+++ Given information

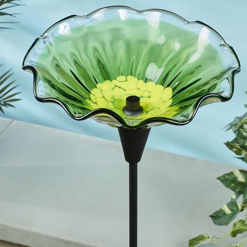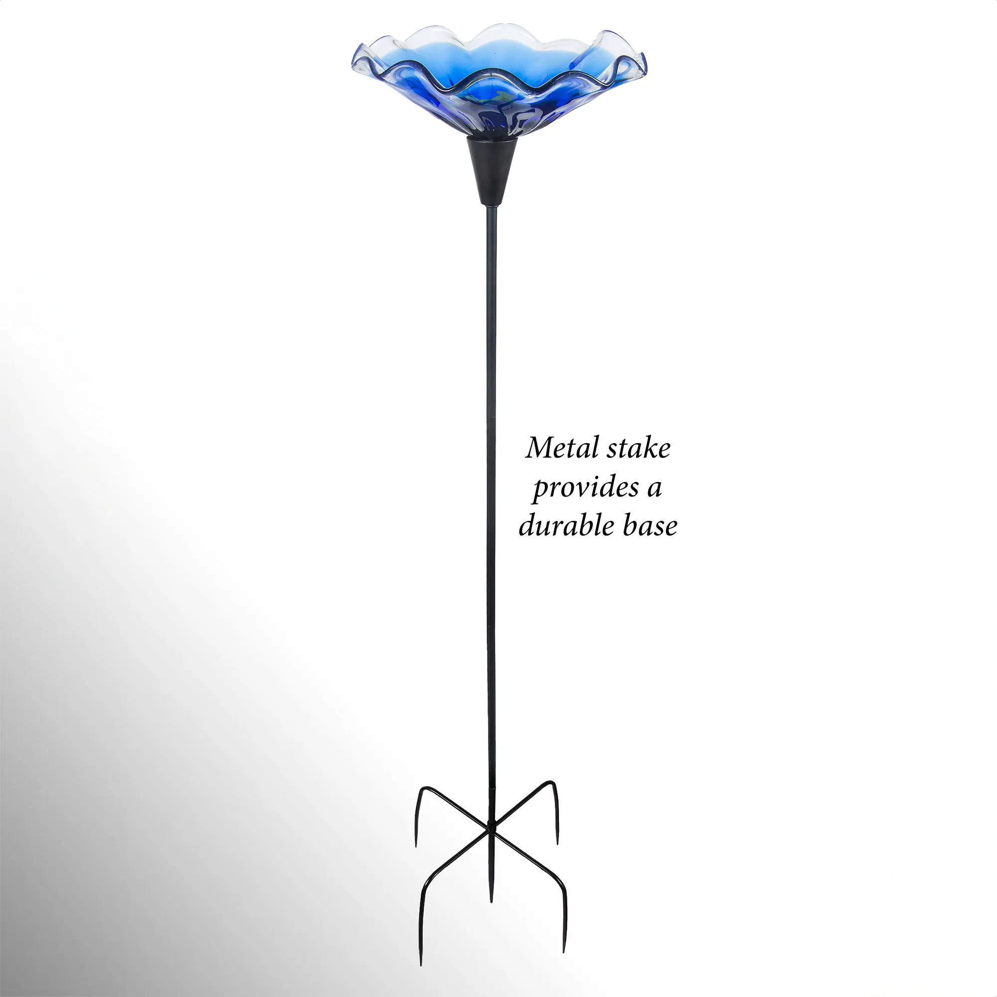 Bloom Flower Shaped Handblown Favrile Art Glass Bird Feeder with Stake by Dale Tiffany
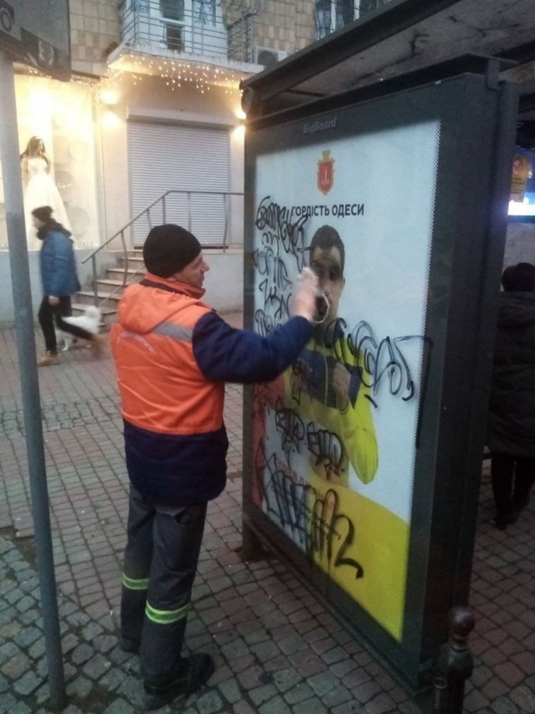 По информации предоставленной КП «Городские дороги», при мониторинге Приморского района, был зафиксирован очередной акт вандализма.
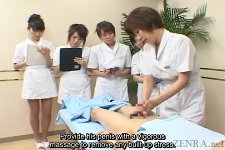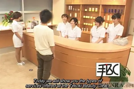 Tekoki Beauty Clinic Health care services are booming in Japan. No matter where you are in the country, you are exposed in some way to a myriad of health and fitness programs whether or not you really have any interest. From the late night (and now afternoon) TV infomercials about the wonders of glucosamine to seeing billboards aplenty in every subway and train station for local doctors of varying specialties and bone-setting clinics as well which can give you a decent massage for pennies on the yen thanks to Japan's nationwide insurance system (seriously, you can get a 45 minute massage for only about $4USD if you have insurance!). There are also clinics now in select metropolitan locations across the country that specialize solely in the health and happiness of the male genitalia. These Penis Health clinics—aka Tekoki Beauty Clinics nicknamed by frequent customers who all can boast shiny manhandled Johnsons are a great way to rejuvenate a relatively private area through the careful hands of beautiful Japanese penis technicians. In this production, we are given a rundown of what the average full course (approx. 90 minute) service entails. An added bonus is the fact that since today is a training day, rather than only one cute Japanese beauty working on your exposed manhood in this CFNM vision from heaven, we are given the opportunity to have an entire group of them each take turns in order to hone their skills. The first thing on the menu after removing your pants and undergarments is a slow and tender massage of your groin area with a liberal amount of massage oil. While this is happening the four trainees look on and take careful notes. Some even go through the motions in the air on their imaginary stunt-cocks. After the massage portions concludes, your cock is now lathered up with a special sable cleansing treatment akin to the hard-creme makeup masks some woman wear in order to give their faces a healthy glow. Although having a hard crème applied to your cock may sound somewhat uncomfortable, do not worry; the crème itself has been designed specifically for penile use so it will not turn rock hard like face masks do and a beautiful Japanese woman with years of experience in cock-handling will lovingly apply it to your hard member as her trainees look on and anxiously await their turn to handle a real live customer cock. After this process is complete, the masque is lovingly washed off and a second sensual massage is performed on your hardening manhood. This time, the massage is a bit longer and more involved with unique stroking patterns such as a two handed pumping motion along with delicate finger-play around the head of the shaft and perhaps it is due to the trainees carefully staring at your cock or maybe it's the pouting lips curving into a half smile by the penis technician working on your cock, but the stimulation has nevertheless led you to reach the point of no return and with a quick, blurted apology you ejaculate all over the surprised hands of the masseuse as her trainees look on in shock. At the Tekoki Beauty Clinic, accidents such as this do happen from time to time but the staff are trained to handle it with utmost professionalism. Handjobs after all, are their forte and if a customer ends up jizzing over their hands and faces too sometimes, it's all in a days work. SUBTITLED DOWNLOAD - 1 2 3 4 5 6 |

++++++

Exercise details: Each line above should be set down exactly as written, with pictures excluded.

Response to this task:
 Bloom Flower Shaped Handblown Favrile Art Glass Bird Feeder with Stake by Dale Tiffany
 По информации предоставленной КП «Городские дороги», при мониторинге Приморского района, был зафиксирован очередной акт вандализма.
 Tekoki Beauty Clinic Health care services are booming in Japan. No matter where you are in the country, you are exposed in some way to a myriad of health and fitness programs whether or not you really have any interest. From the late night (and now afternoon) TV infomercials about the wonders of glucosamine to seeing billboards aplenty in every subway and train station for local doctors of varying specialties and bone-setting clinics as well which can give you a decent massage for pennies on the yen thanks to Japan's nationwide insurance system (seriously, you can get a 45 minute massage for only about $4USD if you have insurance!). There are also clinics now in select metropolitan locations across the country that specialize solely in the health and happiness of the male genitalia. These Penis Health clinics—aka Tekoki Beauty Clinics nicknamed by frequent customers who all can boast shiny manhandled Johnsons are a great way to rejuvenate a relatively private area through the careful hands of beautiful Japanese penis technicians. In this production, we are given a rundown of what the average full course (approx. 90 minute) service entails. An added bonus is the fact that since today is a training day, rather than only one cute Japanese beauty working on your exposed manhood in this CFNM vision from heaven, we are given the opportunity to have an entire group of them each take turns in order to hone their skills. The first thing on the menu after removing your pants and undergarments is a slow and tender massage of your groin area with a liberal amount of massage oil. While this is happening the four trainees look on and take careful notes. Some even go through the motions in the air on their imaginary stunt-cocks. After the massage portions concludes, your cock is now lathered up with a special sable cleansing treatment akin to the hard-creme makeup masks some woman wear in order to give their faces a healthy glow. Although having a hard crème applied to your cock may sound somewhat uncomfortable, do not worry; the crème itself has been designed specifically for penile use so it will not turn rock hard like face masks do and a beautiful Japanese woman with years of experience in cock-handling will lovingly apply it to your hard member as her trainees look on and anxiously await their turn to handle a real live customer cock. After this process is complete, the masque is lovingly washed off and a second sensual massage is performed on your hardening manhood. This time, the massage is a bit longer and more involved with unique stroking patterns such as a two handed pumping motion along with delicate finger-play around the head of the shaft and perhaps it is due to the trainees carefully staring at your cock or maybe it's the pouting lips curving into a half smile by the penis technician working on your cock, but the stimulation has nevertheless led you to reach the point of no return and with a quick, blurted apology you ejaculate all over the surprised hands of the masseuse as her trainees look on in shock. At the Tekoki Beauty Clinic, accidents such as this do happen from time to time but the staff are trained to handle it with utmost professionalism. Handjobs after all, are their forte and if a customer ends up jizzing over their hands and faces too sometimes, it's all in a days work. SUBTITLED DOWNLOAD - 1 2 3 4 5 6 |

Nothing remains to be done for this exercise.